March 10, 2014

The Spanking


Emotional wounds establish a core belief about yourself in relation to the world from an experience as an emotionally undeveloped  (open) psyche, or trauma that is not comprehended in innocence.  Innocence is childlikeness: free from expectations, attachments, beliefs, guile, judgement.  Humans are born premature, dependent on their environment.  Environment includes energies, food, belief systems, behaviors, attitudes, ways of being. ~ Dr. Gabor Matte’

My earliest recollection is what I would refer to many times in my healing process as “the spanking”.  I’m standing in the middle of a very large room alone, desperately searching for Mother, who is nowhere in sight.  Dad is holding my left arm tightly while spanking me with a rolled up newspaper.  “Stop crying!” his big voice booms out with each loud whack.  

I am two.  I have an earache.   Mother's way of handling a whining toddler is to turn them over to Dad. Now, the pain of the earache is minimal compared to the  humiliation of disappointing my father.  I feel so ashamed to let him down.  Something is very wrong with me!  I hold my lips together tightly, desperate to stop these awful  sounds.  I swallow the tears until my stomach feels sick.  The little noises inside my throat bring another loud whack.  I push the sound further down with all my might until my body becomes rigid.  I dare  not let the air out of my lungs.  I think if I hold my whole body tight enough, he will stop spanking me and telling me I'm bad.  Finally, the noise stops. 

I turn my head around to look at him, aching for that familiar hug I know is waiting for me and the reassurance of his kind voice.  I begin to relax, ready to fall into his loving arms when suddenly, out of nowhere, my body betrays me.  My head jerks with a whimper.  Whack! "You're still rebelling!" I am horrified, humiliated, and exhausted.  I can’t look him in the eye for the shame I feel.   I just want to run away and hide my face.  His strong arm is holding me tightly.  I have no choice but to hold my shame in silence.  The thoughts in my head are all I have left, leaving a huge void in my heart for self love. I am numb. I made a decision, as a two year old, to do whatever would please my parents and anyone else I saw as an authority figure. 

.     .     .     .

Spankings were very acceptable ways to discipline children in those days.  It was Dad's way of supporting Mother in never having to spank us.  All she had to do was give us “the look”.  We knew to respect and obey her.   I  logically, in my head, explained “the spanking” as his way of teaching me to be obedient.  If it worked on me, surely it would work on my children.

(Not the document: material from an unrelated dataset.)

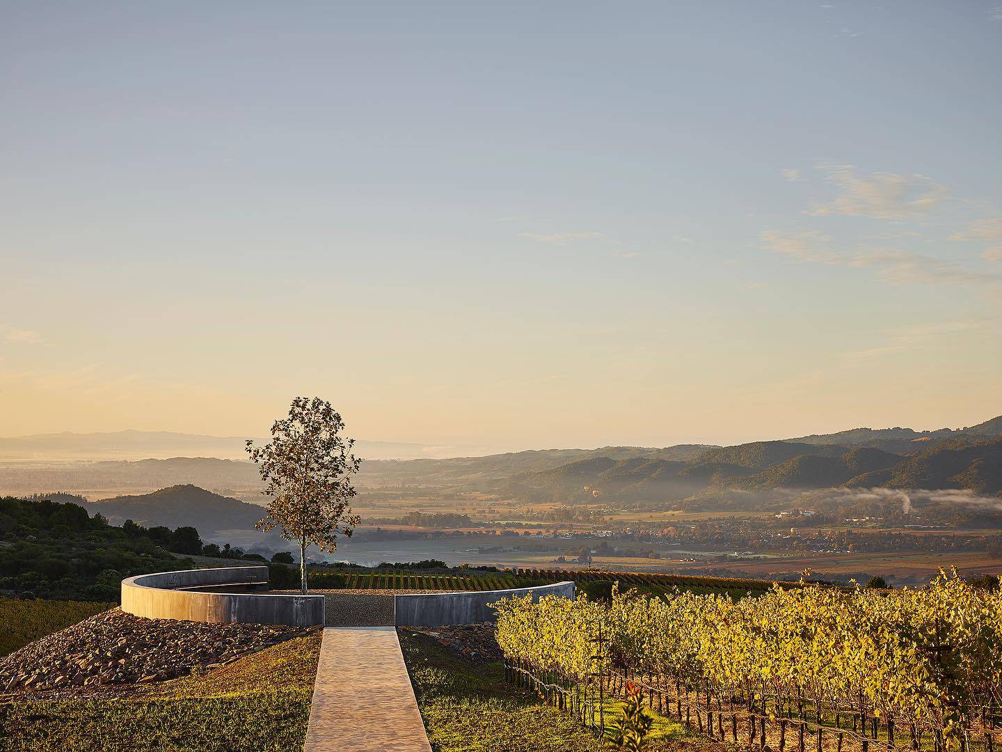 2010年,Chang Family在Pritchard Hill山顶购买了一块年轻的田,周围是一些葡萄酒世界醉耀眼的星辰,Colgin,Ovid,David Arthur等。酒庄被命名为Nine Suns(九日),而这块田的名字便是后羿(Houyi),Chang Family以后羿射日这个中国神话来命名。后羿Houyi坐落在雾线之上,海拔大概在1300英尺。日照充足,而午后会有从湾区而来的冷空气降温。这里的土壤富含岩石,开垦难度大但是出产的酒深度佳。

It’s astounding the many decisions we make as tiny children when something happens to us that we are not capable of understanding.  Logically, as an adult, I had no clue that this one incident would be the source of so many unconscious behaviors and reactions I would automatically turn to, in response to any other incident or dialogue that looked or felt remotely like “the spanking”.   I held unconscious beliefs about myself and my body, and held my body in disdain, as defective, believing that there was always something wrong with me, or that I did something wrong and God was punishing me.  That no matter how hard I tried to do something right, my body would betray me, or that I couldn’t quite pull it off.   It would manifest itself physically, emotionally, and spiritually until I became conscious enough to let it go.  These subconscious beliefs about myself became the source of many painful experiences based on some of my established beliefs built in shame.  

These beliefs became a persona (mask), something to hide behind to keep me safe.  A more familiar term is personality.  The question that was always hyper vigilant in my mind was, "What is expected of me to be safe, loved, and acceptable? "  If I didn't have the answer or perform the required task, I felt worthless, unworthy, rejected, ashamed, and humiliated.  
1952 two years old
  • I had an intense need to know the rules, what was expected of me, or to have the answers.  It showed up in a know-it-all, self righteous, perfectionist addiction and an obsession and rigidity to know and keep the rules.
  • Intense preparation in the form of researching and collecting information became my safety, my assurance that I was right, and I could prove it.  
  • I was constantly trying to "fix" my body so it would stop hurting, or so I could have babies like other women. This showed up in a constant vigilance of the food I ate with a rigid discipline of eating healthy, which turned into a pattern of dieting, fasting, and bingeing.  
  • I was driven to learn everything I could about obstetrics and several healing modalities including and finally, emotional healing, to try to make sense of whatever trauma I experienced.
How many times do we force our children to comply with our demands with little or no understanding of the effect it has on their psyche.  How can we approach our children with the same degree of respect we would ask for ourselves?  Where do we play this out as adults?  Are we capable of asking for respect from those we are in relationship with?  

The good news is that my response to these beliefs eventually developed into the pearls that bring me so much strength, courage, commitment, and Joy in my new awareness.

The solution does not come from the outside, it comes from within.

1 comment:

  1. Wow Aunt Linda this was good. This gave me a lot to think about as I contemplate being a parent myself. I love you!